N.Y. increases equipment speed limit

Farm machinery will still require slow-moving vehicle signs

By Diego Flammini
Staff Writer
Farms.com

Farm equipment on New York roads can travel a little faster this year.

On Friday, Governor Cuomo signed Senate Bill S6746, which increases the speed farm equipment operators can drive machinery on state roads.

State Sen. Pam Helming introduced the bill in June 2017 because new pieces of equipment “are being designed to travel at speeds above 25 mph and some are even designed to travel at speeds greater than 35 mph,” the bill says.

Previous law kept farm equipment speeds to 25 mph (40 km/h). Now that the government passed the bill, farm machinery can travel up to 35 mph (56 km/h).
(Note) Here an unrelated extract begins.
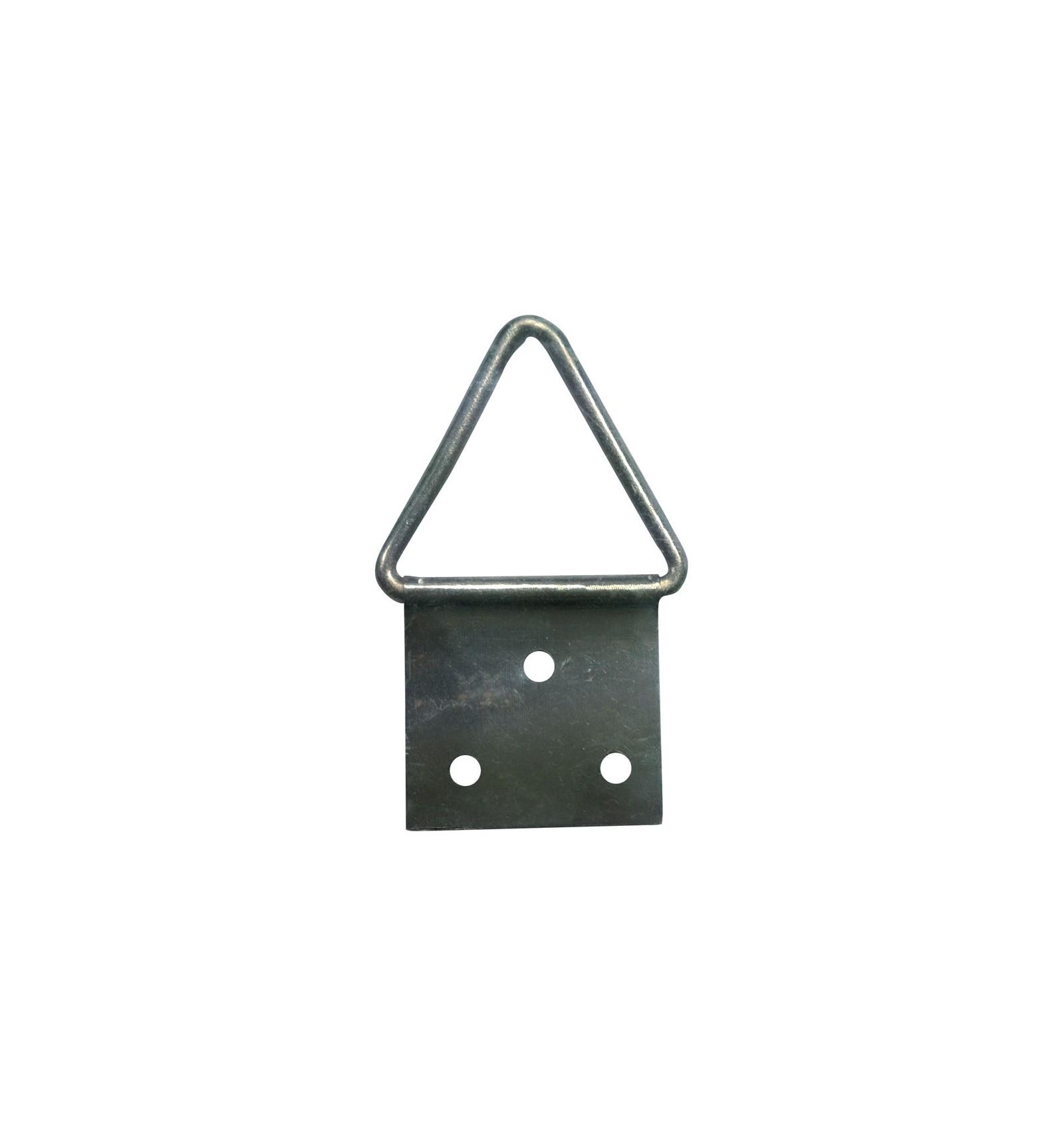 Attaccaglia snodata nichelata, con tre fori e occhiello a appendere triangolare. Per chi usa WA: va inchiodata SUL RETRO della cornice.

The law will take effect in about 90 days, and farm machinery will still require slow-moving vehicle signs.

The bill also directs the transportation commissioner to develop a new symbol that can be affixed to farm, construction and other slow-moving vehicles along with the orange triangle. The symbol should alert motorists of how fast the equipment can travel.
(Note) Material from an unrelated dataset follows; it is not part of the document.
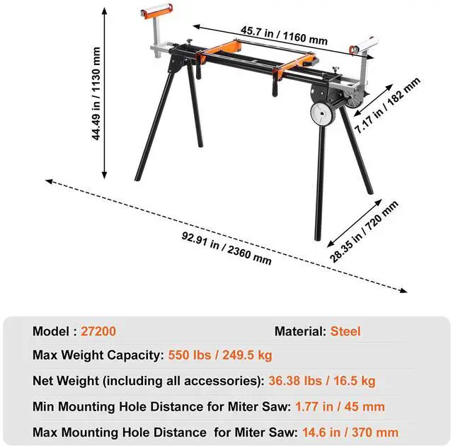Item Model Number: 27200 Max Weight Capacity: 550 lbs / 249.5 kg Material: Steel Net Weight (with all accessories): 36.38 lbs / 16.5 kg Minimum Miter Saw Mounting Hole Distance: 1.2 in / 30 mm Maximum Miter Saw Mounting Hole Distance: 14.6 in / 370 mm

Lawmakers hope allowing equipment to travel faster and new symbols will help decrease the frequency of accidents.

“Motorists fail to adequately react and respond to when they’re driving around farm equipment,” Helming told Finger Lakes Daily News. “Allowing farm equipment to travel a little faster on our roads may help with that.”

Tractor-related incidents accounted for 13 of 27 farm-related fatalities in 2010, the New York Center for Agricultural Medicine & Health says. Nine were rollovers and four were runover incidents.

A commitment to safety, however, requires cooperation from farmers and motorists.

Vehicle and equipment operators need to be on the same page, said Thor Oechsner, a cash crop producer from Newfield, N.Y.

“I think the speed increase is fine as long as everyone learns to be careful,” he told Farms.com. “Motorists seem to be in such a rush to save 30 seconds that they’re willing to put their lives and (farmers’) lives on the line. If everyone learns to take safety seriously, then this speed increase shouldn’t be a big deal.”